On the otherside of the world, a Chinese based HMD manufacturer already sent out their new HMD Dev Kits with 2*3840x2160 resolution + 200 FOV some months ago...
And with a much much affordable price compared to this $2,590 in the article.
http://www.pimaxvr.com/8k/
p.s. their hardware is not as good as Occulus and Vive acoording to some review.
Just want to point out that this the product mentioned in this article seems very lagged behind the competition. I mean most next generation of the Occulus and Vive will probably have higher resolution too. I am 99% sure they don't sell their HMD for $2,590 too.
 

Having resolution that high is not particularly useful if there are no graphics cards on the market that could push any sort of realistic graphics at that resolution while maintaining high refresh rates. By the time that sort of resolution would become viable, the rest of that hardware would be woefully outdated. And look at the size of that thing. Judging by its hammerhead-like appearance, it's most likely equipped with two smartphone screens side-by-side, which has to be unwieldy, and undoubtedly has a massive cable bundle which won't likely be going anywhere anytime soon.

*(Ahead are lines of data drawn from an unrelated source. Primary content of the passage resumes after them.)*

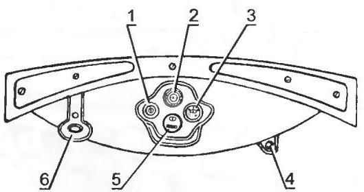 1 замок зажигания; 2 — указатель уровня топлива; 3 амперметр; 4 — кнопка регулировки состава топливной смеси; 5 — спидометр; 6 — кронштейн рулевой колонки
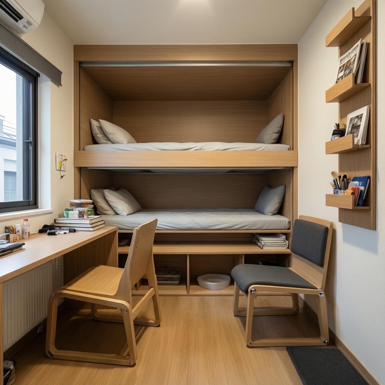• Под подоконником: неглубокий шкаф/комод 20-30 см под канцелярию, зарядки, бытовую химию (если нет радиатора или сохранена вентиляция).
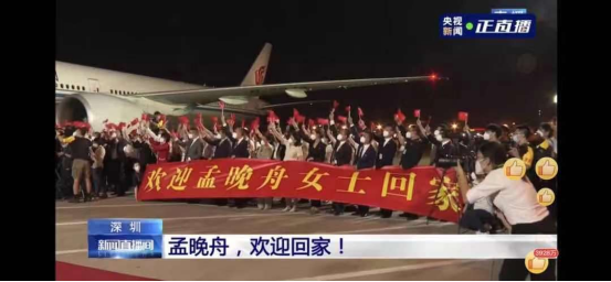“这里是中国深圳宝安机场,祖国永远是你最强大的依靠!孟晚舟女士,欢迎归来!”这是9月25日晚,深圳宝安国际机场塔台朝孟晚舟一行的温暖喊话。

Also, it's worth pointing out that while the site might repeatedly advertise it as "8K VR", that's purely false advertising. Two 4K screens do not equal 8K, since 8K is the equivalent of four 4K screens. You can't just put two 4K screens side by side and call it 8K.

As for the headset in this article, I'd certainly consider it to be "high resolution", since the resolution is significantly higher than what the leading VR headsets currently use. It's over 77% more pixels than the Oculus Rift and HTC Vive, which is the same difference between a 1080p and a 1440p display. As another point of comparison, 2880x1600 at 90fps is also pushing the same number of pixels per second as 4K at 50fps, so even this resolution would need high-level graphics hardware to provide a smooth experience, and going much higher than that wouldn't really be viable at this time. When those kinds of resolutions actually became viable for VR, they will undoubtedly be coupled with eye-tracking and foveated rending, allowing the graphics hardware to render only what the viewer is looking at at full resolution and detail levels, while spending less time rendering the periphery.

As for the cost, it's certainly priced higher than what any reasonable consumer should pay, but it's being sold to commercial VR installations, not home-users. In those scenarios, the added durability and quick-swap capabilities might be considered worth the added cost.